Viagem de Inverno de Schubert Recital de canto e piano
Barítono André Henriques
Piano Nuno Vieira de Almeida
CCB . 10 fevereiro . sexta-feira . 19h00 . Sala Luís de Freitas Branco
O ciclo Viagem de Inverno [Winterreise no título original] de Schubert foi composto em duas etapas em 1827, exactamente um ano antes da morte do compositor aos 31 anos. É o segundo e último ciclo de canções de Schubert, tendo o primeiro sido A Bela Moleira; as canções póstumas reunidas sob o título Canto do Cisne são uma colectânea e não um ciclo, como erradamente muitas vezes se lê.

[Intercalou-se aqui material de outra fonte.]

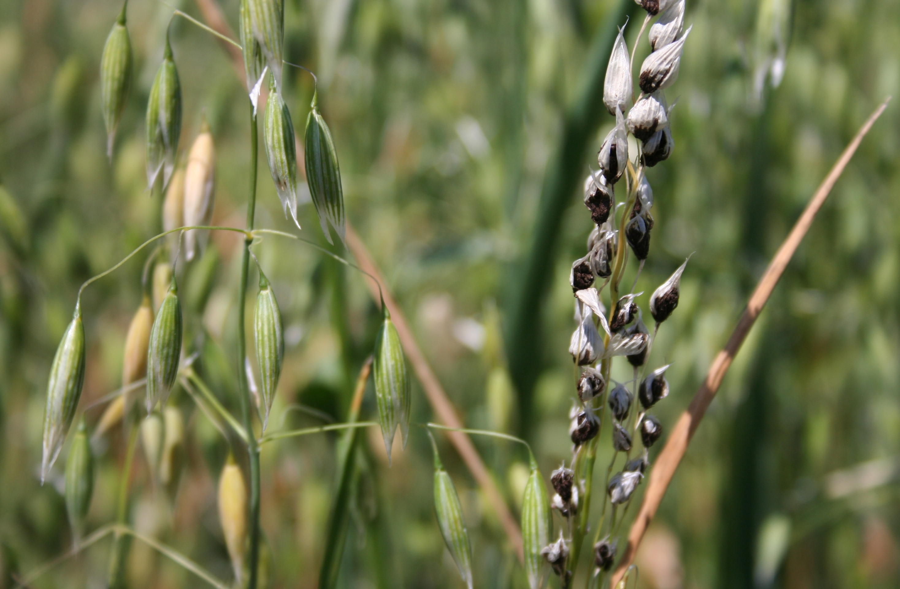 Loose smut of oats (Ustilago avenae) (Pers.) Rostr.

Neste ciclo de vinte e quatro canções não existe um enredo que possa ser contado, podemos apenas intuir que o narrador deixa a cidade onde vive a amada e, desesperado por uma possível rejeição, procura o aniquilamento e a morte ao longo de 70 minutos. Basicamente, a Viagem de Inverno é um monodrama no qual o único personagem percorre solitário diversos locais, o rio gelado, o local onde está a tília, o cemitério, a aldeia adormecida, a casa deserta do carvoeiro, e sente nessa viagem desértica as acometidas do desespero sob a forma de lágrimas geladas, recordações, ilusões, tudo o que a solidão pode transformar em mágoa e tudo isto intensificado por uma música que clarifica estas intenções sob a forma de uma estonteante beleza musical. Dificilmente encontraremos aqui a Natureza benevolente tão cara aos românticos. Tudo é duro, anguloso e hostil.

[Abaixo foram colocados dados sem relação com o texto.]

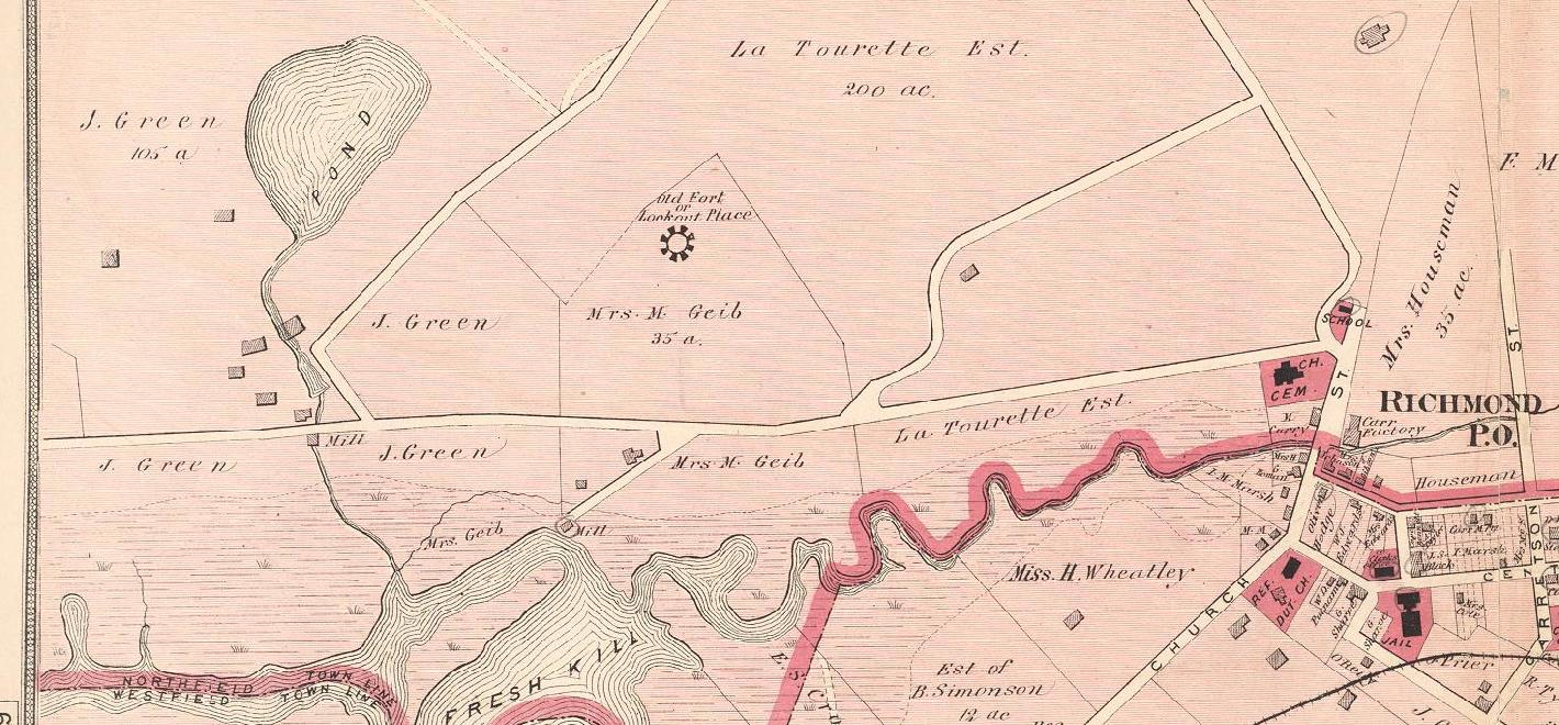 richmondtown map

É absolutamente indiferente que quem canta a Winterreise seja um homem ou uma mulher. A pulsão que o/a move é sempre a mesma e Schubert mostra-nos, como em pintura Pierre Soulages o fez, a infindável riqueza do negro em música.
Sabemos que esta obra é um dos picos da literatura musical, a sua infinita mudança de cambiantes, a prodigiosa imaginação musical e, acima de tudo, a forma que Schubert tem de dilatar o poema (que só se torna maior devido à música) transformando-o numa prolongada e dilacerante declaração não só de tristeza, mas talvez ainda mais de melancolia. A sombra de Schubert pairará no futuro próximo, Wagner, Mahler e até Schönberg, e chega-nos hoje exactamente com a mesma acutilância.
Uma complexidade destas pede aos músicos anos de maturação, e é um grande prazer ser o companheiro de André Henriques nesta viagem que ele agora inicia, com coragem, inteligência e talento.